> _EXERCISE REQUIREMENTS_
Before printing, remove every picture; then print the lines below exactly, from the first line through the line containing "The shoe's black".

> _DATA_
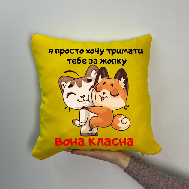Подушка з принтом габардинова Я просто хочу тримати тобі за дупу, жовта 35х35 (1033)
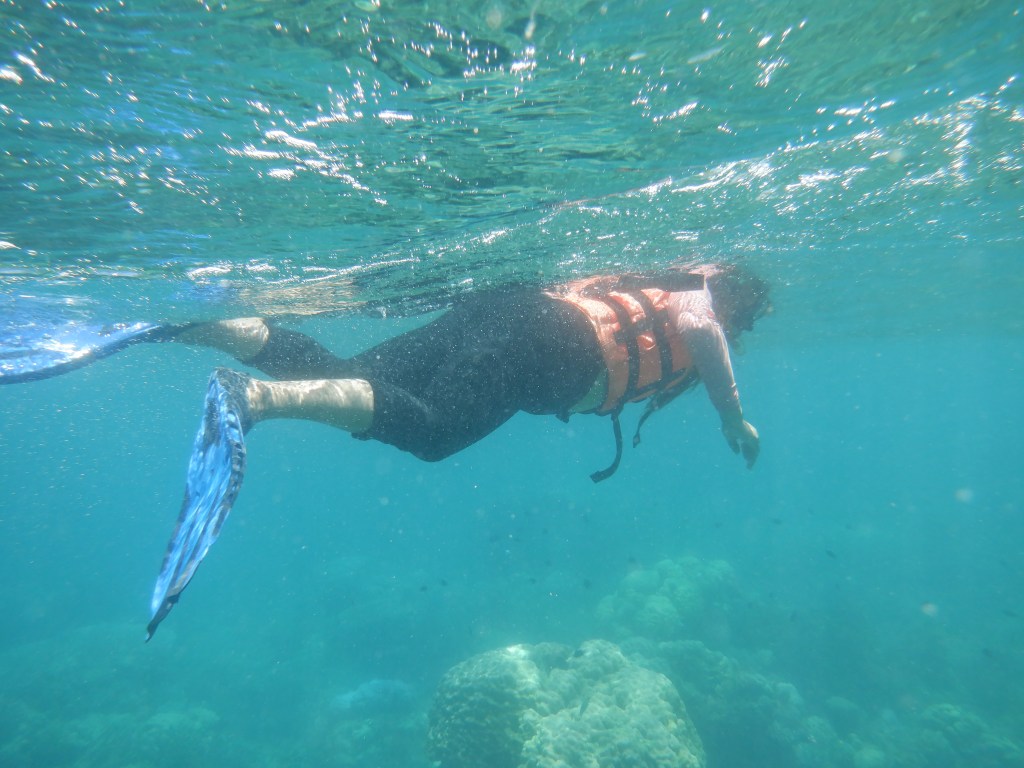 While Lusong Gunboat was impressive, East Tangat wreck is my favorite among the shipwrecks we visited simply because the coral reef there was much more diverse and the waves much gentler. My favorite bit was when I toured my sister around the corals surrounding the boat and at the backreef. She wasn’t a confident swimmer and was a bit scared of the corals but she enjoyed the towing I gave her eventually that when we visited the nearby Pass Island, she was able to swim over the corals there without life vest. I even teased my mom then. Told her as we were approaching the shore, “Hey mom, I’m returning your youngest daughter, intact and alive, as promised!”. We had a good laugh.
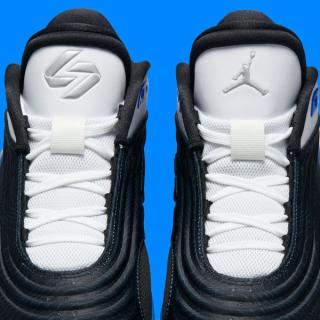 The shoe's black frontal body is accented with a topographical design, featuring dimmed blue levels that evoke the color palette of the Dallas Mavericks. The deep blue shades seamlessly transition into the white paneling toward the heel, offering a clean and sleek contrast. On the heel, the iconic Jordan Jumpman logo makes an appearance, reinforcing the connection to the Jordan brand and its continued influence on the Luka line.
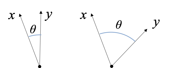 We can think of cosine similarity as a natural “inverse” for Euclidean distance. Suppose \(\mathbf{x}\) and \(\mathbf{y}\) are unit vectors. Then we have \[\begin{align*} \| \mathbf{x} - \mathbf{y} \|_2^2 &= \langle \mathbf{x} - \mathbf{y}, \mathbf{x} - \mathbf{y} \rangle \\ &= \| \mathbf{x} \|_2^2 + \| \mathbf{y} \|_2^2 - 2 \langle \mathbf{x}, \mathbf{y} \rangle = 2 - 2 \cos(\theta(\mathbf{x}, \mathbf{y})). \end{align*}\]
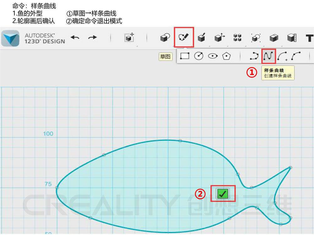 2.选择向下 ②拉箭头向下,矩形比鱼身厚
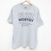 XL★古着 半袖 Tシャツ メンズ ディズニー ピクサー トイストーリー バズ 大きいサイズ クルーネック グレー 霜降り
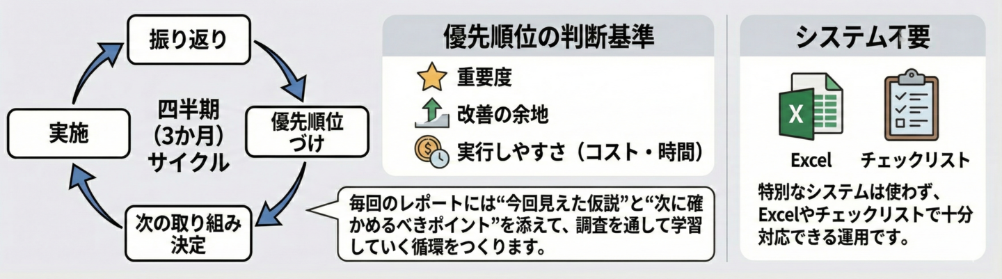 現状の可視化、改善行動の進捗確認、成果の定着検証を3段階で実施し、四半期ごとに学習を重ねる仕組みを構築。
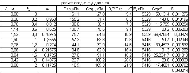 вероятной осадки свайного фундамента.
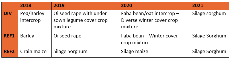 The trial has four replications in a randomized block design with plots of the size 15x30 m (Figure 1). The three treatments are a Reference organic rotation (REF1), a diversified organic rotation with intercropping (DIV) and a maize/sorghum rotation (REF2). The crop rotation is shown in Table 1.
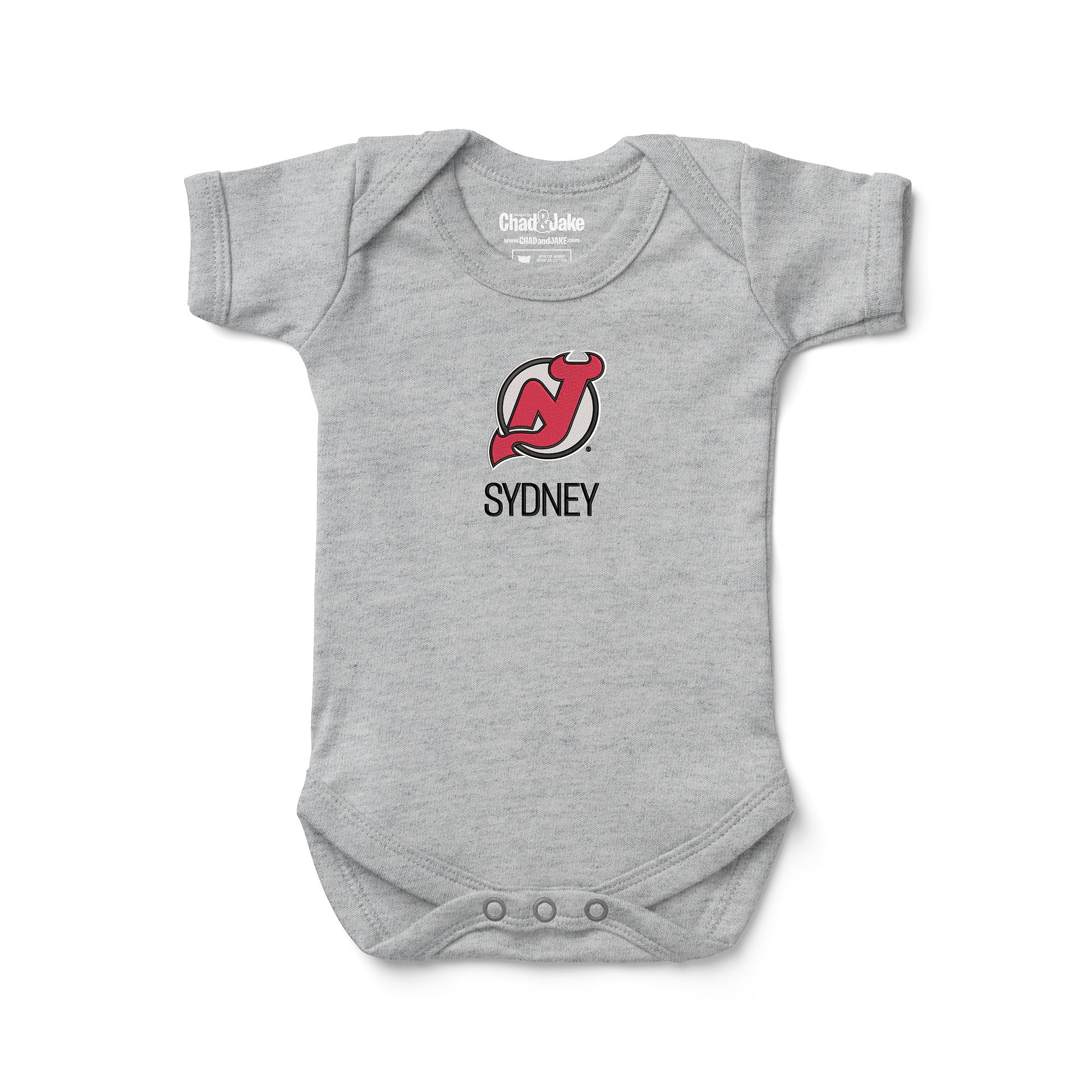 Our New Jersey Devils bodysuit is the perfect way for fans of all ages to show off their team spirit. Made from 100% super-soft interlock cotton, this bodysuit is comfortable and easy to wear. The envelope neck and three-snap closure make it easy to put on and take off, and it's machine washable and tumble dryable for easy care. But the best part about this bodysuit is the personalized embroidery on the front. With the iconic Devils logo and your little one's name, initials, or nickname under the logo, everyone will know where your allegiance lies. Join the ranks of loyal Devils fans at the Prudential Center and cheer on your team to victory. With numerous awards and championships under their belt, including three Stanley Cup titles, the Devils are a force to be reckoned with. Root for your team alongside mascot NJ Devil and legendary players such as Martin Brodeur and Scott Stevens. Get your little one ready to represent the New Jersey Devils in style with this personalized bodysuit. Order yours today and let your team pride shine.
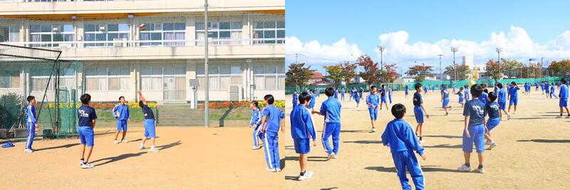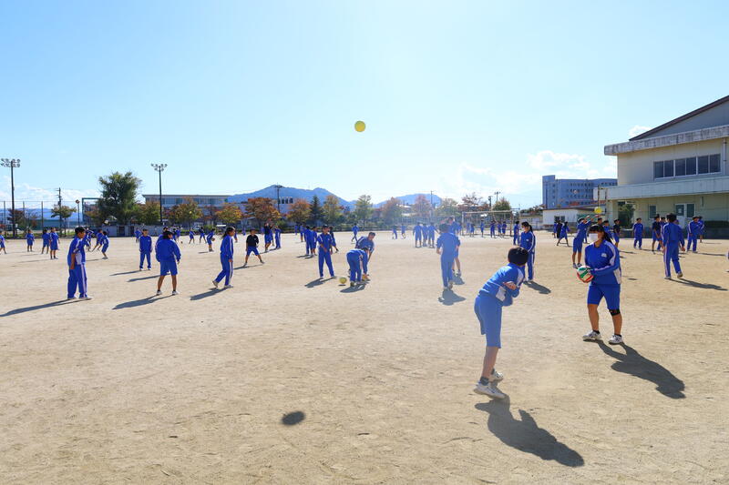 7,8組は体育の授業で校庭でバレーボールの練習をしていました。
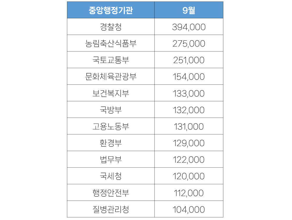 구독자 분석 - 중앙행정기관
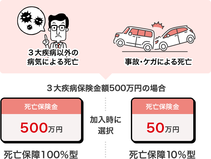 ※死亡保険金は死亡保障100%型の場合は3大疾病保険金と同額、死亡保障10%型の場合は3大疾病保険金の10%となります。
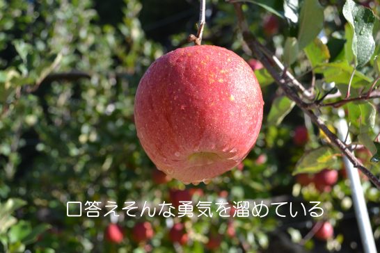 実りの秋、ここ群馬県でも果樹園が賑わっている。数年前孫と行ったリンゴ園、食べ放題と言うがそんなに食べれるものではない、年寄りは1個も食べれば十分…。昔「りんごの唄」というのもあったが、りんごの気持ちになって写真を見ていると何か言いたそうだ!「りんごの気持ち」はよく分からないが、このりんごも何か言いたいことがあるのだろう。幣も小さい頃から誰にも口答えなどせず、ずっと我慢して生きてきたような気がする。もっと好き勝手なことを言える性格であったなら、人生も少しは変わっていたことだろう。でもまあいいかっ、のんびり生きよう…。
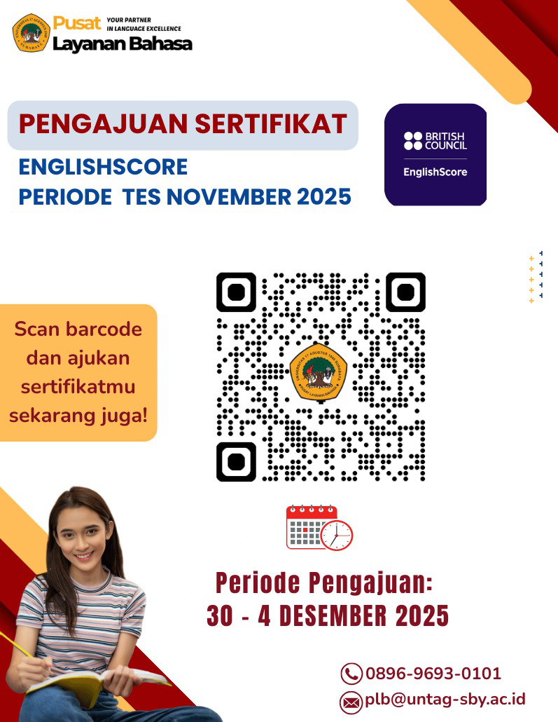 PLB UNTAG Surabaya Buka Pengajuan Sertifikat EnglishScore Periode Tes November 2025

> _THE ANSWER_
Подушка з принтом габардинова Я просто хочу тримати тобі за дупу, жовта 35х35 (1033)
 While Lusong Gunboat was impressive, East Tangat wreck is my favorite among the shipwrecks we visited simply because the coral reef there was much more diverse and the waves much gentler. My favorite bit was when I toured my sister around the corals surrounding the boat and at the backreef. She wasn’t a confident swimmer and was a bit scared of the corals but she enjoyed the towing I gave her eventually that when we visited the nearby Pass Island, she was able to swim over the corals there without life vest. I even teased my mom then. Told her as we were approaching the shore, “Hey mom, I’m returning your youngest daughter, intact and alive, as promised!”. We had a good laugh.
 The shoe's black frontal body is accented with a topographical design, featuring dimmed blue levels that evoke the color palette of the Dallas Mavericks. The deep blue shades seamlessly transition into the white paneling toward the heel, offering a clean and sleek contrast. On the heel, the iconic Jordan Jumpman logo makes an appearance, reinforcing the connection to the Jordan brand and its continued influence on the Luka line.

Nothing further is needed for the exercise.